→ **Dataset extract**:

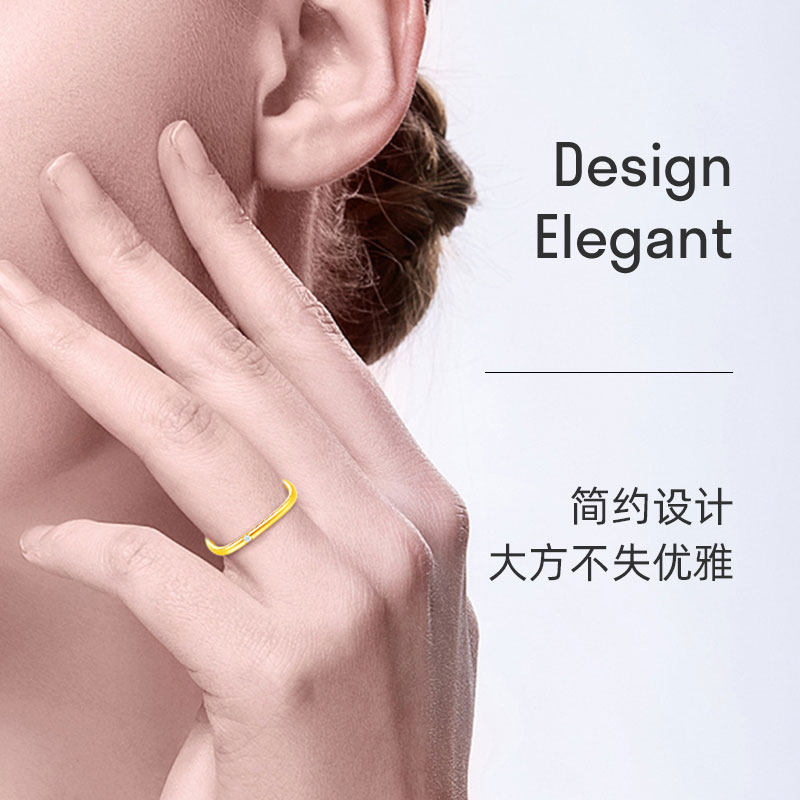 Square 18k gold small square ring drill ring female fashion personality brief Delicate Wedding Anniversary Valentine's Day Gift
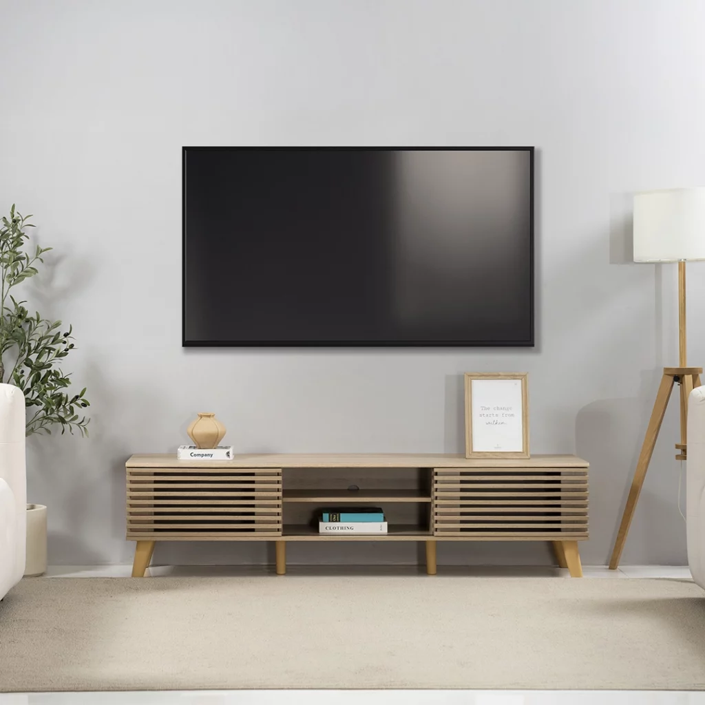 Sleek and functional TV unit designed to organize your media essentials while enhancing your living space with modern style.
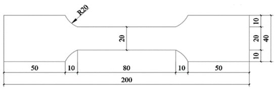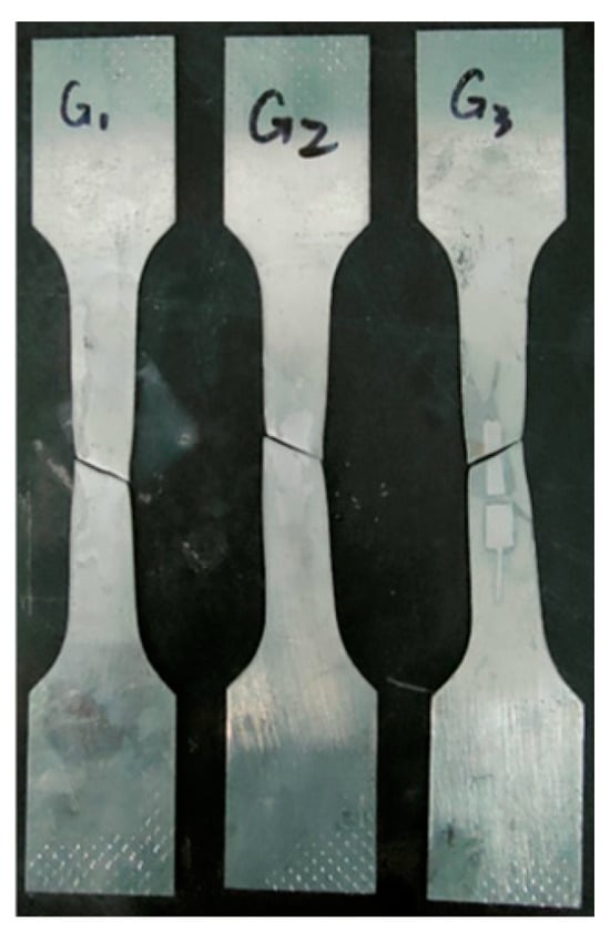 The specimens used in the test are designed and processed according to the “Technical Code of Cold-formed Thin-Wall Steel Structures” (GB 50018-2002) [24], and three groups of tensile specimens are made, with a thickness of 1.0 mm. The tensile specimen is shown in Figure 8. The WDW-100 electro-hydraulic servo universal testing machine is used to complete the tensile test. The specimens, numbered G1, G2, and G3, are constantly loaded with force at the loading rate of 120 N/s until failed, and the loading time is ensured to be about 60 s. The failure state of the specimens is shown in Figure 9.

→ **How to complete this task**:
Word for word, output the lines from the beginning of the listing through the line holding "Sleek and functional" and nothing beyond them. Omit the pictures.

→ **Written response**:
 Square 18k gold small square ring drill ring female fashion personality brief Delicate Wedding Anniversary Valentine's Day Gift
 Sleek and functional TV unit designed to organize your media essentials while enhancing your living space with modern style.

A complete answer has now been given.